Re: [RFC] cache architecture

From: Pieter De Wit <pieter_at_insync.za.net>
Date: Wed, 25 Jan 2012 06:03:10 +1300

> Hard to implement given the current "leg work" is already done ? How
> well does the current version of squid handle multicores and can this
> take advantage of cores ?
>
> Should be easy. We have not exactly checked and cocumented the DiskIO
> library API. But
> The current AIO handles SMP exactly as well as the system AIO library
> can, same for pthreads library behind DiskThreads.
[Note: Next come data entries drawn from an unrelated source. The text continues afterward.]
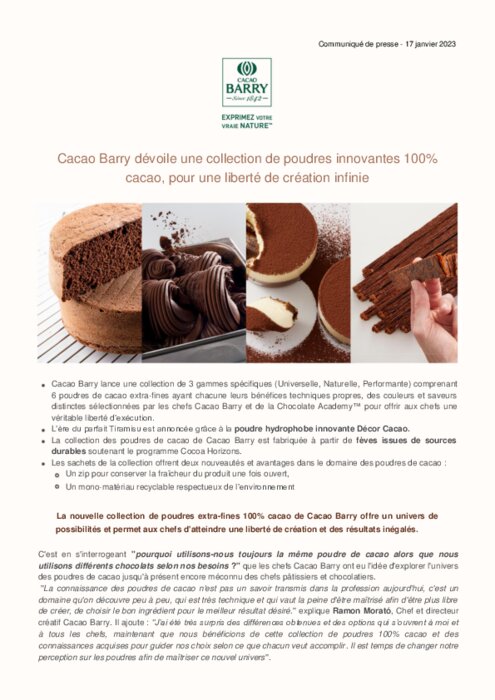 Cacao Barry lance une collection de 3 gammes spécifiques (Universelle, Naturelle, Performante) comprenant 6 poudres de cacao extra-fines ayant chacune leurs bénéfices techniques propres, des couleurs et saveurs distinctes sélectionnées par les chefs Cacao Barry et de la Chocolate Academy pour offrir aux chefs une véritable liberté d’exécution.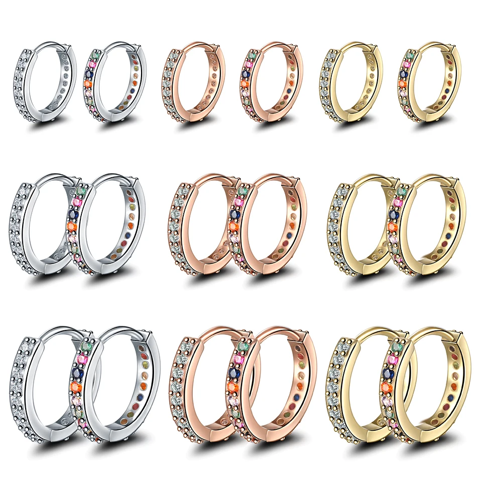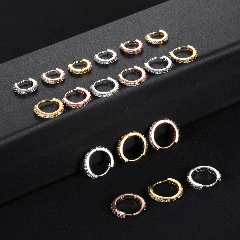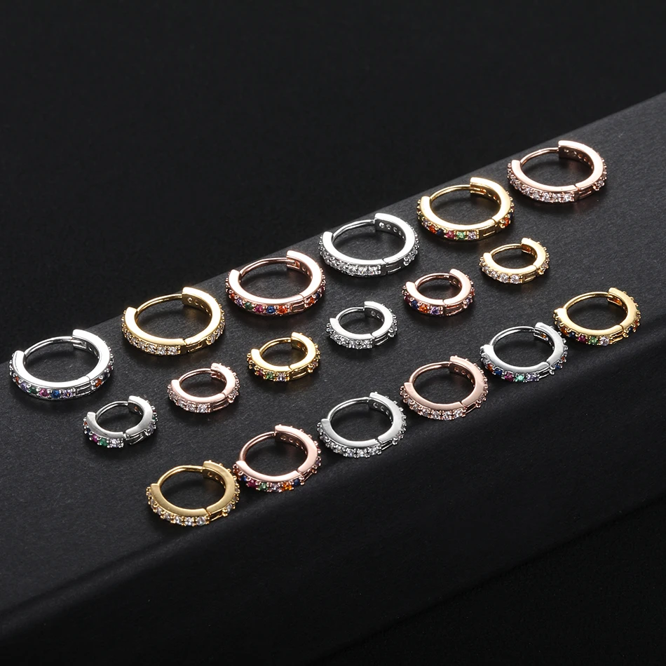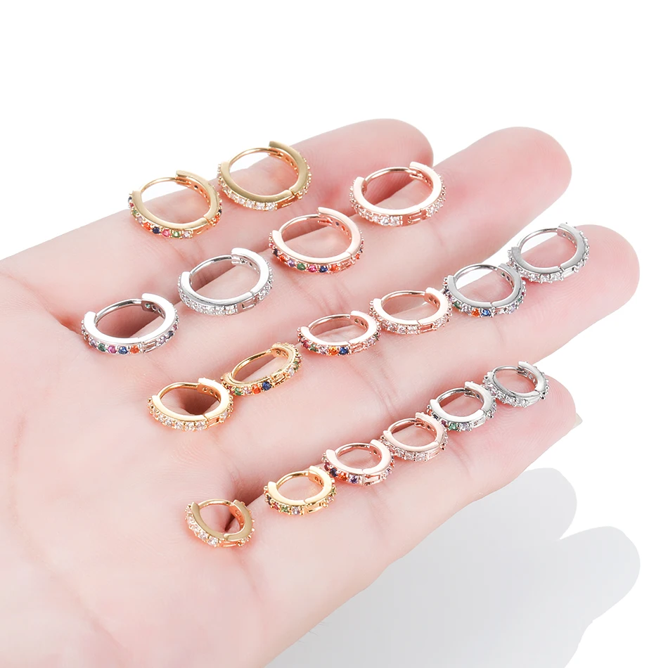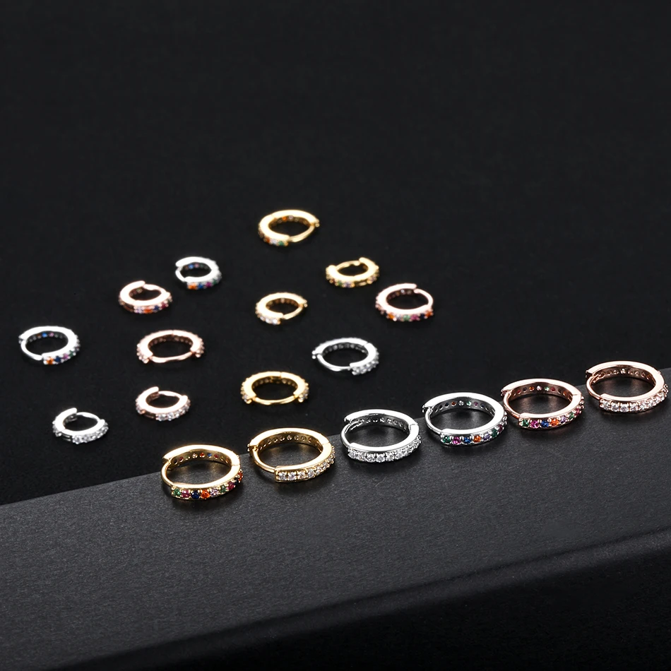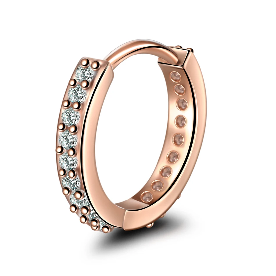 1Pc Copper Zircon Helix Cartilage Piercing Round Nose Hoop Rings Clear Zircon Earrings For Women Fashion Body Piercing Jewelry
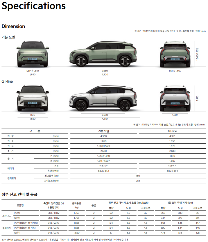 - EV3 롱레인지 모델: 77.4kWh 배터리, 1회 충전 시 약 500km 주행 가능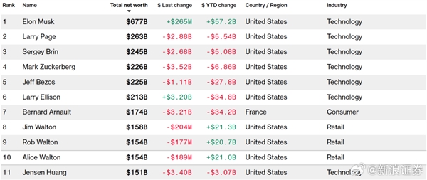 其中,财富缩水最严重的当属甲骨文董事长Larry Ellison,他今年的财富已经下降348亿美元至2130亿美元,距离巅峰时期更是下降超过45%。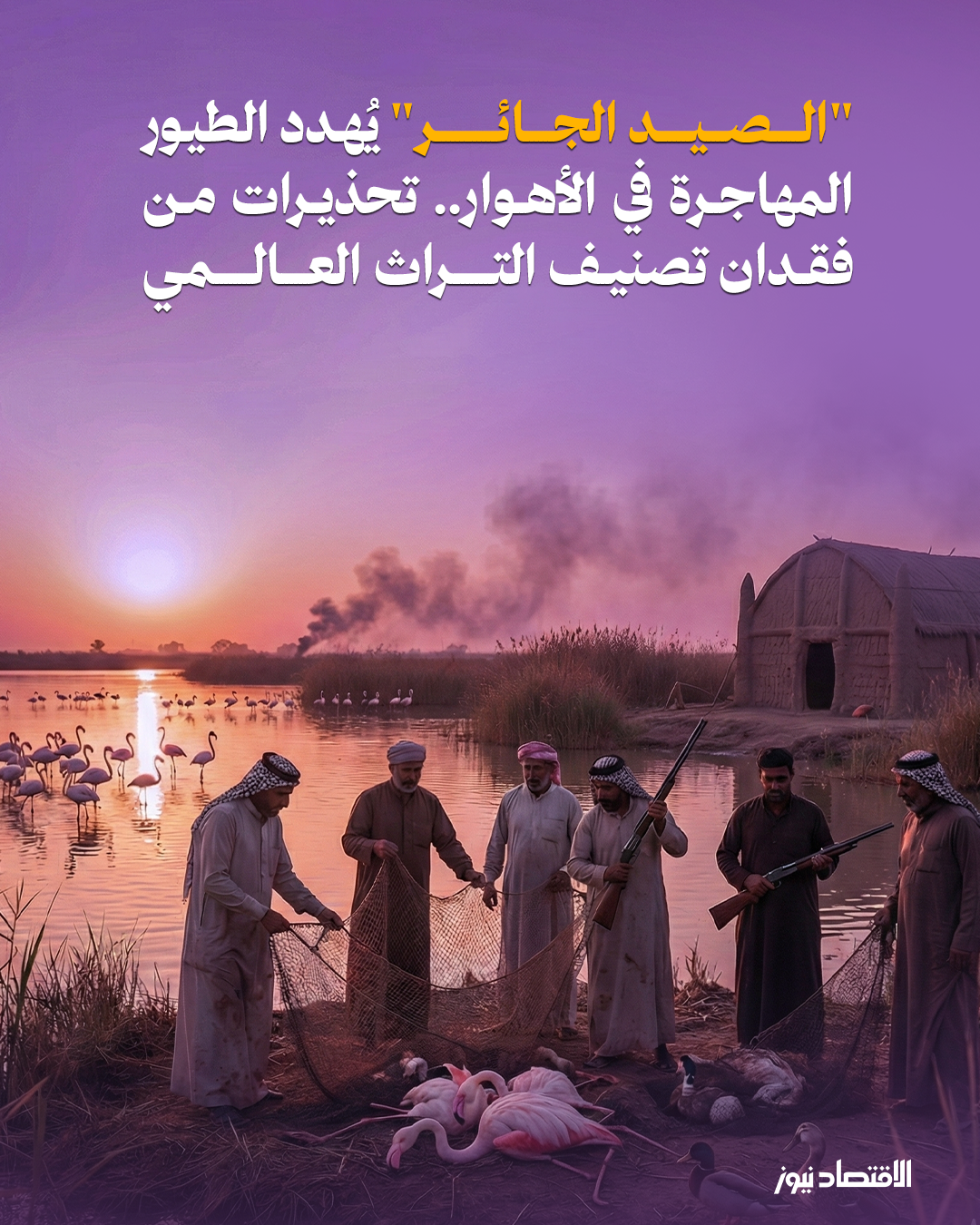 في وقتٍ يشهد فيه العالم تزايدًا في الوعي البيئي وضرورة حماية التنوع الأحيائي، تُسجَّل في جنوب العراق جريمة بيئية تتكرر كل شتاء بصمت مؤلم، حيث لا تزال ممارسات الصيد الجائر للطيور المهاجرة، وخصوصاً طائر "الفلامنغو"، تهدد النظام البيئي وتشوّه صورة العراق أمام المجتمع الدولي. مرصد "العراق الأخضر" أعلن أن قرابة ألف طير مهاجر سقطت ضحية هذا النوع من الصيد خلال شهر كانون الأول/ ديسمبر فقط، في مشهدٍ يبعث على القلق حيال مستقبل الأهوار العراقية المصنفة كموقع تراث عالمي من قبل اليونسكو.

Taken from iscsitarget - they have a "wthreads x" config option that
spawns x number of threads for write only I believe, not sure of the
reading. You can't control this in the AIO Lib. (I think ?) but perhaps
something like this could be useful for pthreads

<snip>

> The cache_dir can report this up to the top layer via their loading
> factor when they are not servicing requests. I was considering it to
> prioritise CLEAN builds before DIRTY ones or cache_dir by the speed of
> its storage type and loading factor.

It seems we are heading to naming cache_[dir|mem] otherwise the options
might become confusing ? Almost the same as "cache_peer name=bla" (While
writing this below I came up with another idea, storage weights which
might solve "my issue" with the double object store)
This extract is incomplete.